What this task involves:
Please give back, word for word, each line from the start of the entries through the one in which "Acesso em: Início" is found.

Raw data:
* * * *

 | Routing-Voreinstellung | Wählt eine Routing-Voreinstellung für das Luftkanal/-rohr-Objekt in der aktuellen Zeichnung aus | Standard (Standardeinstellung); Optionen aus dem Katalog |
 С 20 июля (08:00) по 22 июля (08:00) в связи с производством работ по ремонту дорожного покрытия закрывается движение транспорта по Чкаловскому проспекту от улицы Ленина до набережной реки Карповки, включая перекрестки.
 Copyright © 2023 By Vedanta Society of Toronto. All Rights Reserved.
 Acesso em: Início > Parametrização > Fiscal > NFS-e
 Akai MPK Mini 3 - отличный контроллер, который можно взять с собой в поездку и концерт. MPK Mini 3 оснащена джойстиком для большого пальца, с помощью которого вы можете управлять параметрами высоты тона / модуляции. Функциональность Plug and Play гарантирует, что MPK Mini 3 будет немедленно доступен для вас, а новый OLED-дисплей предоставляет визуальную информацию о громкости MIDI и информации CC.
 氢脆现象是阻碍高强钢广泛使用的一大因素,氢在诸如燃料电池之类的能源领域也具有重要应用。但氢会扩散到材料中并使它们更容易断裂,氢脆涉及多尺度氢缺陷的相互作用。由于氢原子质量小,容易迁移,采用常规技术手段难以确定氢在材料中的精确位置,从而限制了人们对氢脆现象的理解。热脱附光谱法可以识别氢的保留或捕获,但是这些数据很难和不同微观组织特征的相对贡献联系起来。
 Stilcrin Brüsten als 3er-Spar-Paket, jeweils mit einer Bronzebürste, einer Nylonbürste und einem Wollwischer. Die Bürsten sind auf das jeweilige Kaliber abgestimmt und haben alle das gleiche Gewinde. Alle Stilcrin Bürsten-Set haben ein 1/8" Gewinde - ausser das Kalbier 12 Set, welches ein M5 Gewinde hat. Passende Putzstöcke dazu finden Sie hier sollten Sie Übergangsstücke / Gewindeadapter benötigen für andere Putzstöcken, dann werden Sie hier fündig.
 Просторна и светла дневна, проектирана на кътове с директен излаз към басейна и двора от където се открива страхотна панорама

* * * *

Answer to the exercise:
 | Routing-Voreinstellung | Wählt eine Routing-Voreinstellung für das Luftkanal/-rohr-Objekt in der aktuellen Zeichnung aus | Standard (Standardeinstellung); Optionen aus dem Katalog |
 С 20 июля (08:00) по 22 июля (08:00) в связи с производством работ по ремонту дорожного покрытия закрывается движение транспорта по Чкаловскому проспекту от улицы Ленина до набережной реки Карповки, включая перекрестки.
 Copyright © 2023 By Vedanta Society of Toronto. All Rights Reserved.
 Acesso em: Início > Parametrização > Fiscal > NFS-e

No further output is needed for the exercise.